Data: Table of makeup products along with an image of each product collected from makeup retailers by scraping their website or using their API.
Methods: (1) color segmentation, (2) Multimodal Large Language Model (Claude)
App: web-user interface in which users can filter makeup by color
Tech stack: Python, Google Colab, Streamlit

Table of Contents

Problem & Solution

I aim to identify the color of makeup from images to organize makeup by shade. Makeup products often have fanciful and inconsistent names, making it difficult for consumers to find the desired shade. These names can complicate organizing makeup by color. For example, the following makeup shades are all labeled as "mauve," even though they are clearly different shades. Some are not even mauve (as defined by Pantone) but brown.

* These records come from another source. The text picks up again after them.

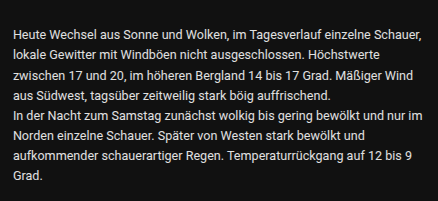Ich hatte mir für die DWD-Integration aus HACS, die auch die Entität für den Wetterbericht zur Verfügung stellt, also zum Beispiel sensor.duisburg_baerl_wetterbericht, je nach ausgesuchter Wetterstation, eine Markdown Karte gebastelt / zusammengeklaut, mit der das einigermaßen gut funktioniert, kannst du ja vielleicht testen:
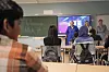 Høyre-leder Erna Solberg, nestleder Tina Bru og Oslos skolebyråd Julie Remen Midtgarden hos klasse 7b på Bryn skole første skoledag.Foto: Ole Berg-Rusten / NTB
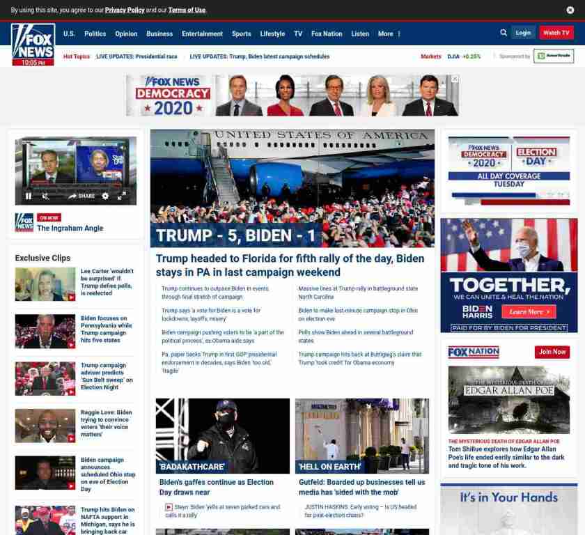 FN: [[TRUMP – 5, BIDEN – 1]] Trump headed to Florida for fifth rally of the day, Biden stays in PA in last campaign weekend</a ((lubuntu at wor1))
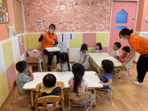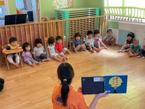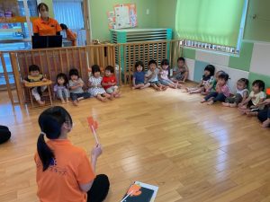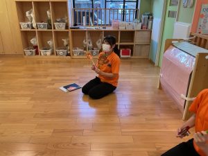 お話しが終わったら、みんなが楽しんで歌ってくれていた「ぽんぽこ たぬき」の歌います🎤
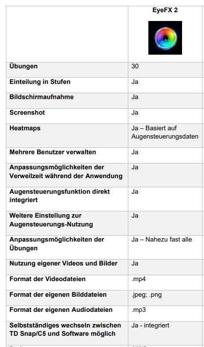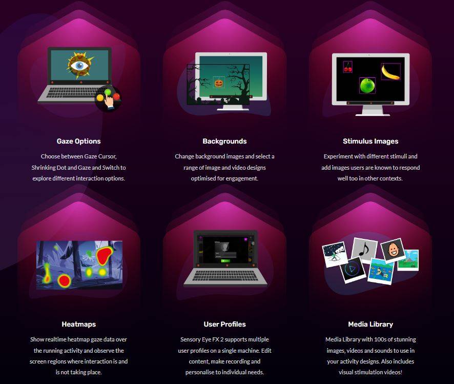 Das Softwarepaket „Sensory Eye FX 2“ bietet insgesamt 30 Aktivitäten, die für den frühen Einsatz der Augensteuerung auf einem niedrigen Beginner-Niveau entwickelt wurden, wie z. B. das Lokalisieren eines Stimulus, das Auswählen eines Stimulus, das Wechseln des Blicks zwischen Stimuli, dem Erkunden mit den Augen und mehr. Die Anwendungen starten bei „einfachen Ursache-Wirkungs-Prinzipien“ und ersten Augensteuerungsaktivitäten, gehen weiter zum „Zielen lernen“ bis hin zum „aktiven Beobachten“ und „kontrolliertem Zielen“.
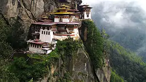 - 🌍 Taktsang Monastery (Tiger's Nest). Closed on Tuesdays. Precariously perched on the edge of a 1,200-m cliff, this monastery creates an impressive sight, and is the unofficial symbol of Bhutan. It is about a 2-to-3-hour, totally uphill hike from the parking lot to the monastery, though there is a cafe on ridge across from the Taktsang (about 90 minutes into the walk) that provides a welcome opportunity to take a rest and purchase refreshments and snacks. Taktsang was established as a sacred place for meditation by Guru Rinpoche, who visited the site on his second visit to Bhutan in 747 CE, though the first monastery was not constructed until 1694. In 1998, a tragic fire destroyed most of the original buildings, but these have since been painstakingly restored to their former glory. An entry fee of Nu500 is levied on regional tourists (those who do not pay the US$250/day tariff). The ticket office is in the parking lot at the foot of the mountain - entry will be denied if a ticket from this office is not produced at the monastery gate. Entry is free for tourists who pay the daily tariff.
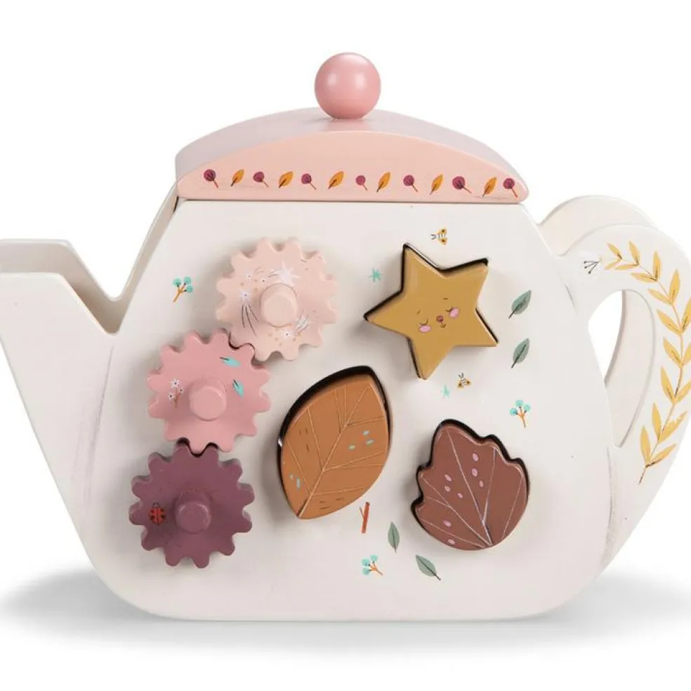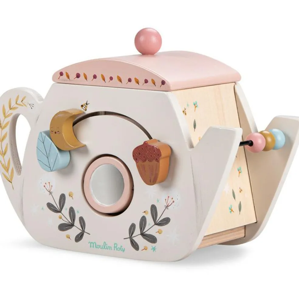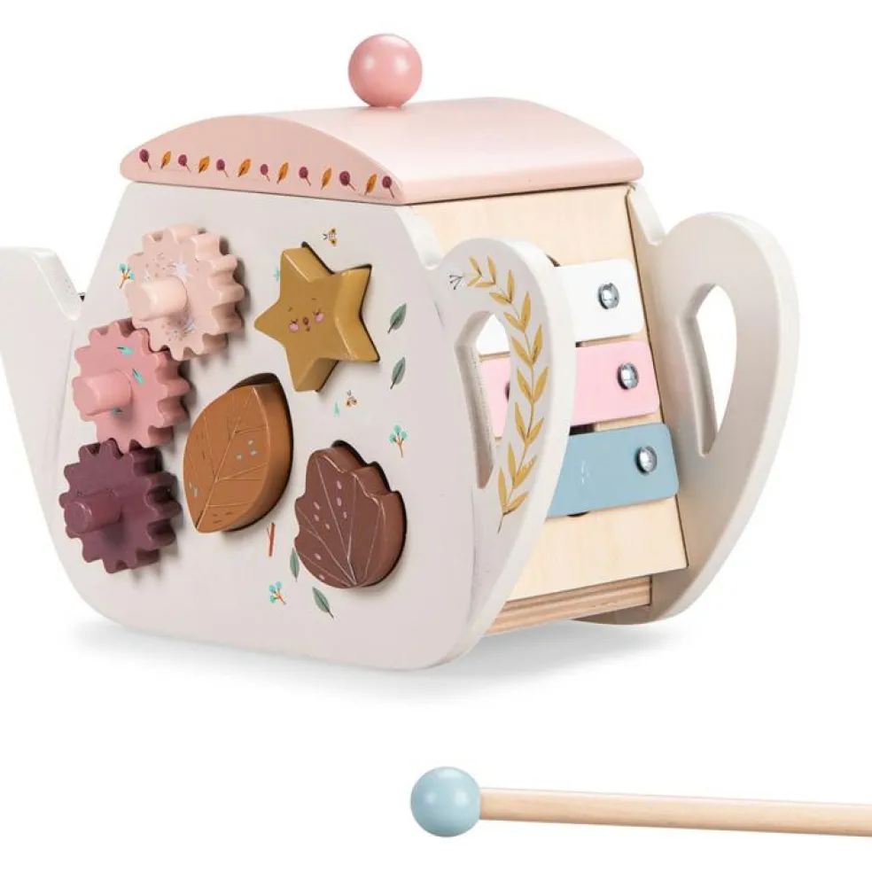 – Différentes activités, boulier, formes à encastrer, roues dentées à faire tourner, xylophone etc.
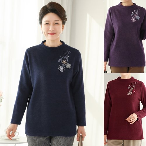 [엄마옷 로즈맘] 차움꽃장식반폴라기모티셔츠
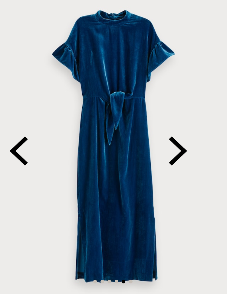 Η Έλενα φορά βελούδινο μίντι φόρεμα στο αγαπημένο της χρώμα, το sapphire blue, από τη συλλογή του οίκου Scotch & Soda.
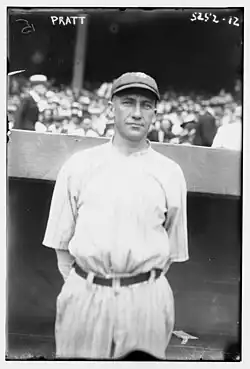 Del Pratt played for the 1910 Hattiesburg Timberjacks. Pratt later advanced to the major leagues, where he played 13 seasons with career totals of 987 RBI, a .292 batting average and 45.7 WAR.[24] As a rookie with the 1912 St. Louis Browns, he batted .302 for the season. Pratt led the American League with 103 RBI in 1916. Pratt later became the baseball coach at University of Michigan baseball coach, following Carl Lundgren after being recommended for the position by Branch Rickey. Pratt also served as an assistant football coach and freshman basketball coach at the University of Michigan.[25] Pratt batted .367 while playing for Hattiesburg in 1910.[26]
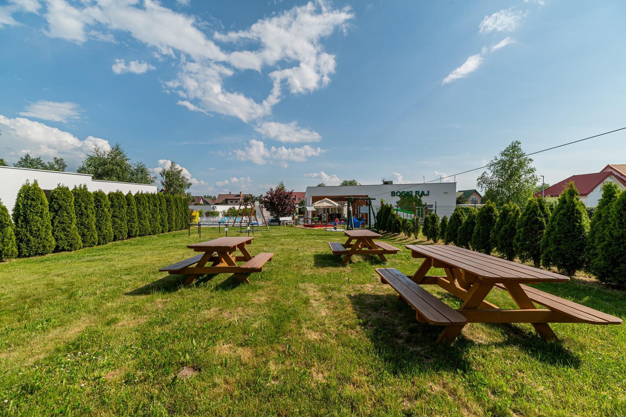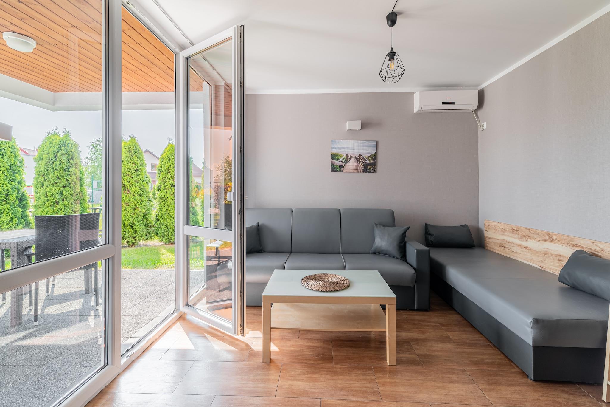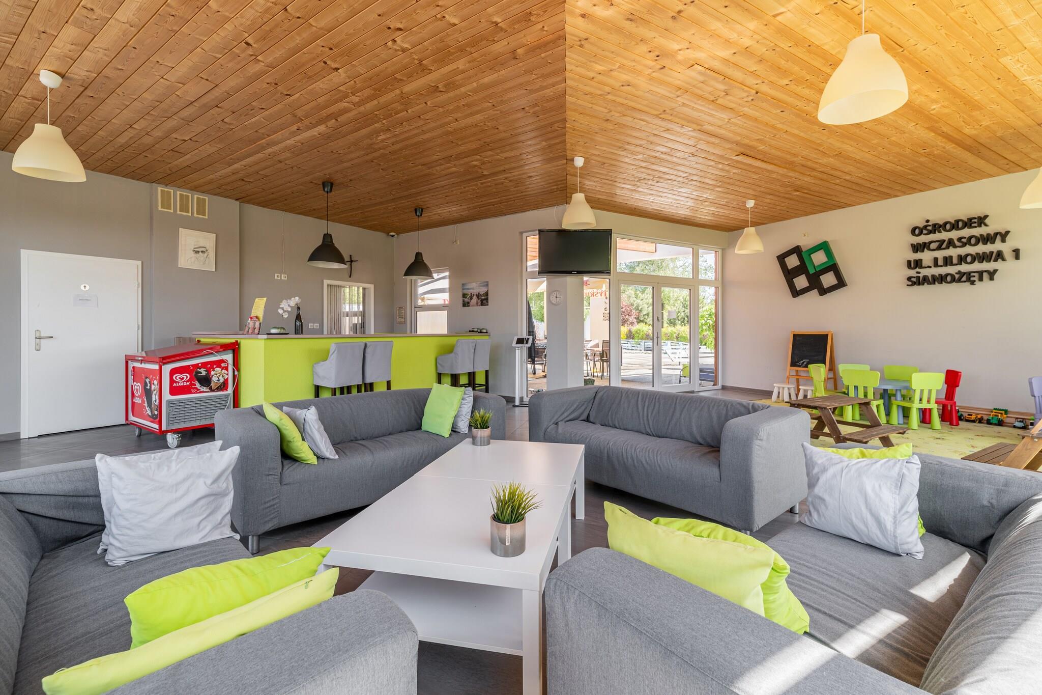Familienferienresort 200 m vom Strand entfernt. Das umzäunte Grundstück verfügt neben komfortablen Backsteinhäusern auch über eine komplette Infrastruktur, die perfekte Entspannung ermöglicht. Die einstöckigen Ferienhäuser bestehen aus einem Wohnzimmer mit TV, einer Küchenzeile, einem Schlafzimmer und einem Badezimmer mit Dusche. Vom Wohn- und Schlafzimmer gibt es einen Ausgang zur überdachten Terrasse, wo sich ein Gartenmöbelset befindet. Es gibt auch mögliche Schlafplätze im Wohnzimmer (2-Sitzer-Sofa + Einzelbett). Die Cottages verfügen über eine Klimaanlage (Kühlung und Heizung). WLAN ist verfügbar. Grillmöglichkeiten sind vorhanden. Die Waschmaschine ist öffentlich zugänglich (Service vor Ort zusätzlich zu bezahlen). Die größte Attraktion des Zentrums ist das beheizte Sommerschwimmbad. Außerdem gibt es einen Fahrradverleih, ein Café und einen Sportplatz (Badminton, Volleyball, Fußball). Es gibt auch einen Parkplatz (1 Parkplatz/Haus im Preis inbegriffen; weitere Parkplätze werden zusätzlich bezahlt). Für die jüngsten Gäste gibt es einen Spielplatz (Trampolin, Sandkasten, Rutsche, Schaukeln). Im Preis des Aufenthalts sind enthalten: Bettwäsche, Stromverbrauch (maximal 7 kWh/Tag) und Wasser, Klimaanlage, Endreinigung, Internet, Parkplatz (1 Platz), Babybett und Hochstuhl (nach vorheriger Reservierung). Bei einem Stromverbrauch über 7 kWh/Tag fallen zusätzlich 0,7 EUR/1 kWh an. Sianozety ist ein kleiner Ferienort, etwa 10 km von Kolobrzeg entfernt, in unmittelbarer Nähe eines anderen Badeortes – Ustronie Morskie. Sianozety liegt direkt an einem breiten Sandstrand. Goldener Sand und sanfter Zugang zum Meer laden Urlauber zum Sonnenbaden und Meer ein. Im benachbarten Ustronie Morskie gibt es auch einen 100 Meter langen Spaziersteg.
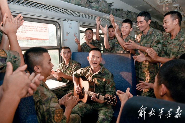 机动途中,官兵在车厢里即兴弹唱活跃氛围。
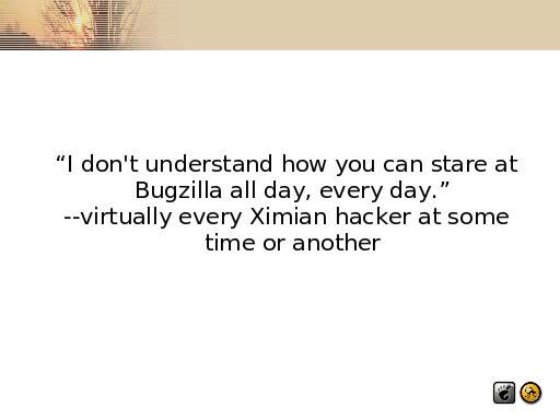 So, who am I? My best bet is that over the past two years I've read on the order of thirty thousand bug reports, and systems I 'run' have handled on the order of 75K bugs. I got into Linux because I'd heard it didn't crash, and it pissed me off when it did. So I've spent two years full time (and as a volunteer with Mozilla before that) making Evolution and GNOME more stable.
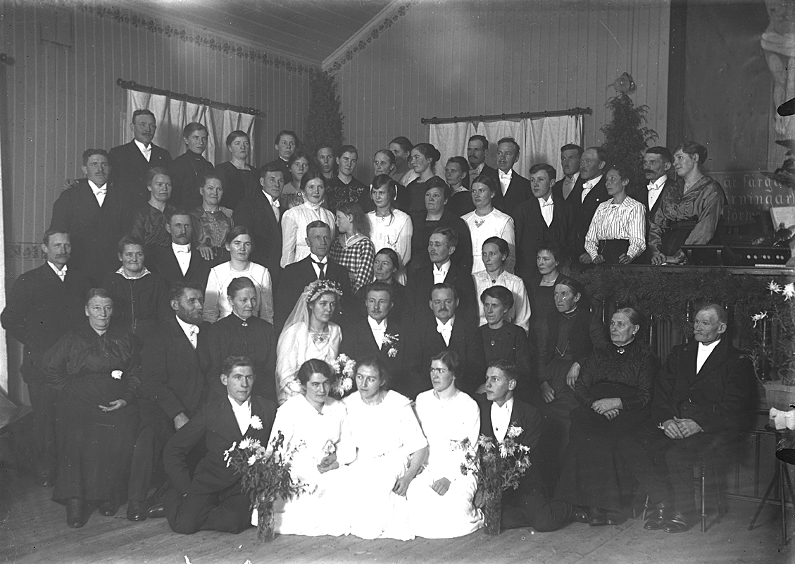 Interiör, bröllop, brudpar och bröllopsgäster.

Moreover, the color shade filters offered by makeup retailers are often limited. For example, below are the lipstick color options available at Sephora and Ulta, compared to the more comprehensive shade palette my app provides which allows users to filter by a lot more shades:

By leveraging the CIELAB color space, which provides a standardized and perceptually uniform representation of color, I aim to identify makeup colors from images, and organize them and categorize them by shade. It's designed to be perceptually uniform, meaning that the numerical differences between colors correspond to perceived differences to the human eye.

CIELAB is a color space defined by the International Commission on Illumination (CIE) where colors are represented in three dimensions:

L (lightness)
a (green to red)
b (blue to yellow)

CIELAB offers a standardized method for describing colors, enabling accurate color comparison and matching across various brands and products. This standardization eliminates the confusion caused by subjective or creative color names, making it easier for consumers to find their desired shades. This is especially important for consumers seeking a specific color or looking for a similar shade from a more affordable brand.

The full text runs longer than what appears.